## The Kuramoto–Sivashinsky Equation (Part 5)

In Parts 3 and 4, I showed some work of Cheyne Weis on the ‘derivative form’ of the Kuramoto–Sivashinksy equation, namely

$u_t + u_{xx} + u_{xxxx} + u u_x = 0$

Steve Huntsman’s picture of a solution above gives you a good feel for how this works.

Now let’s turn to the ‘integral form’, namely

$h_t + h_{xx} + h_{xxxx} + \frac{1}{2} (h_x)^2 = 0$

This has rather different behavior, though it’s closely related, since if $h$ is any solution of the integral form then

$u = h_x$

is a solution of the derivative form.

Cheyne drew a solution of the integral form:

You’ll immediately see the most prominent feature: it slopes down! I’ll show later that the average of $h$ over space can never increase with time, and it decreases unless $h$ is constant as a function of space. By contrast, we saw in Part 2 that the average of $u$ over space never changes with time.

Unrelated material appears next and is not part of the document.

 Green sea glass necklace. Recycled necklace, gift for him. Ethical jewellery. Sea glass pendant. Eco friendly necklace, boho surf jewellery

However, we can subtract off the average of $h$ over space to eliminate this dramatic but rather boring effect. The result looks like this:

Now it’s very easy to see the ‘stripes’ I’m so obsessed with: they are the ridges in these pictures. You can see how as time increases from left to right these stripes are born and merge, but never die or split.

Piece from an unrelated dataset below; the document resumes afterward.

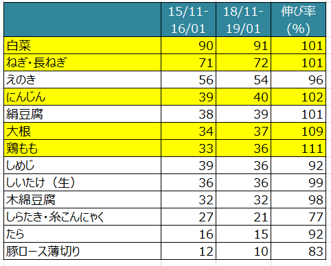 使用される具材を見てみると、きのこ類、こんにゃく、たら、豚ロース等の使用が低下している一方で、ビタミン豊富な彩りのある野菜類、低脂肪でタンパク質豊富な鶏もも肉が伸長しています。

But how can we mathematically define these stripes, to make it possible to state precise conjectures about them? We could try defining them to be points where $u$ is locally maximized of as a function of $x$ at any time $t.$ With this definition, Cheyne gets stripes like this:

The previous picture shows up in the lower right hand corner of this one.

These stripes look pretty good, but you’ll see some gaps where they momentarily disappear and then reappear. I don’t think these invalidate my conjecture that stripes never ‘die’. I just think this definition of stripe is not quite right. (Of course I would think that, wouldn’t I? I want the conjecture to be true!)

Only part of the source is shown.